The Derwent is a famous river in the county of Cumbria in the north of England; it rises in the Lake District and flows northwards through two of its principal lakes, before turning sharply westward to enter the Irish Sea at Workington

The name Derwent is shared with three other English rivers and is thought to be derived from a Celtic word for "oak trees" (an alternative is dour "water" and (g)-went "white / pure". The river's Old Welsh name was Derwennydd and it is believed to be to be the setting of the medieval Welsh lullaby Dinogad's Smock.
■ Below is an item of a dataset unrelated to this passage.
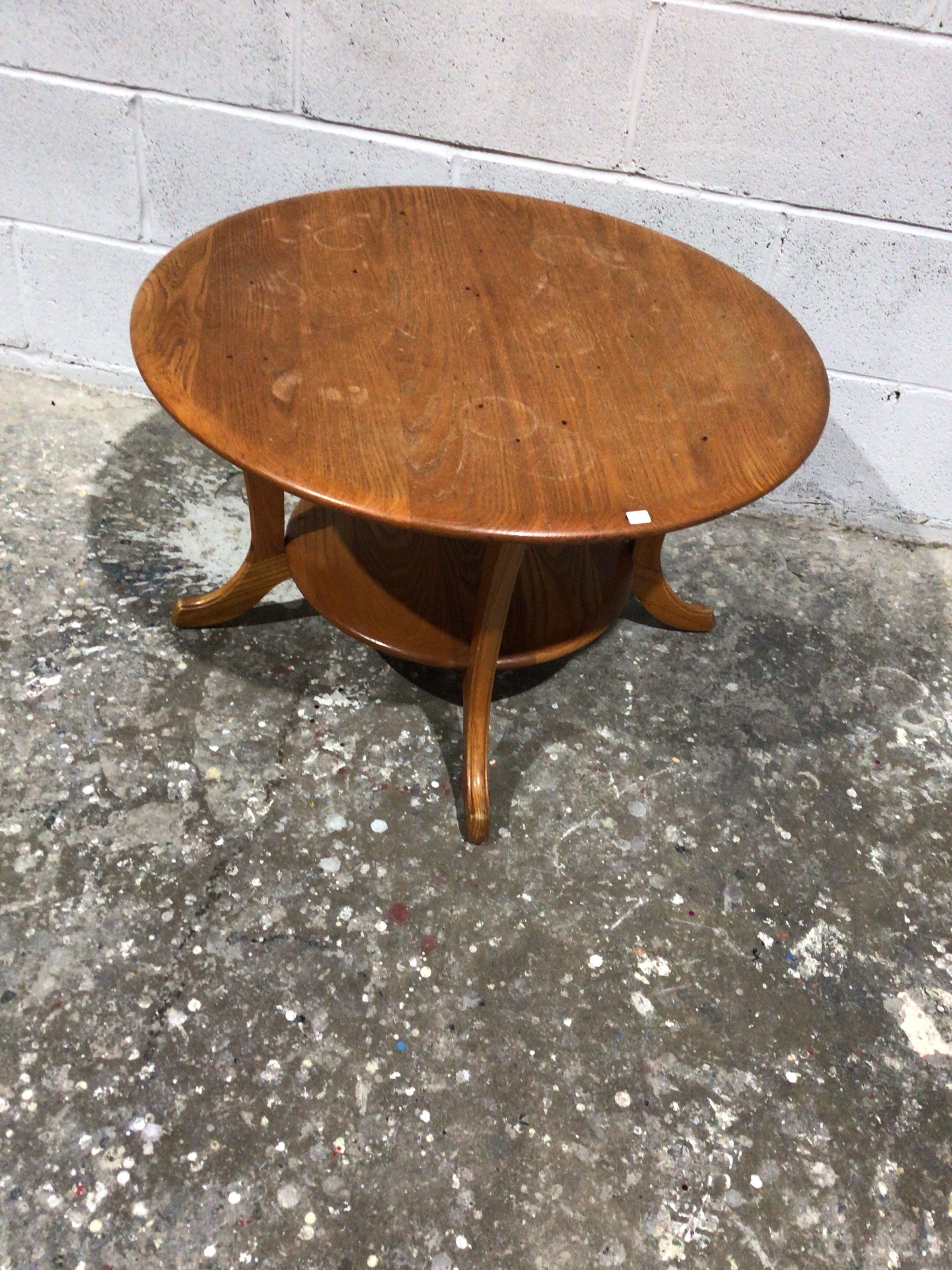 A 1940s Leo Jiranek by Heywood-Wakefield round coffee table. This vintage two-tier occasional table, designed in a Mid-Century Modern or Danish Modern inspired style, is constructed from a medium-toned wood, consistent with a maple finish as seen in comparable examples. It features a round main tabletop and a smaller, round lower shelf, both supported by a central column from which three curved, splayed legs extend.

The river rises at Sprinkling Tarn underneath Great End and flows in a northerly direction through the valley of Borrowdale, before entering Derwentwater, which it exits to the north just outside Keswick and is joined by the waters of the River Greta. The Derwent then enters Bassenthwaite Lake at its southern end; it exits it at its northern end, thereafter flowing generally westward to Cockermouth, where the River Cocker joins it from the south. William Wordsworth's childhood home in Cockermouth backed onto the Derwent, and he briefly mentions it in The Prelude:         ...         the bright blue river passedalong the terrace of our childhood walk;
A tempting playmate whom we dearly loved) From Cockermouth, the river continues westward past Papcastle, site of the Roman fort of Derventio, is joined by the River Marron near Bridgefoot and continues  and onwards to Workington, where it flows into the Irish Sea.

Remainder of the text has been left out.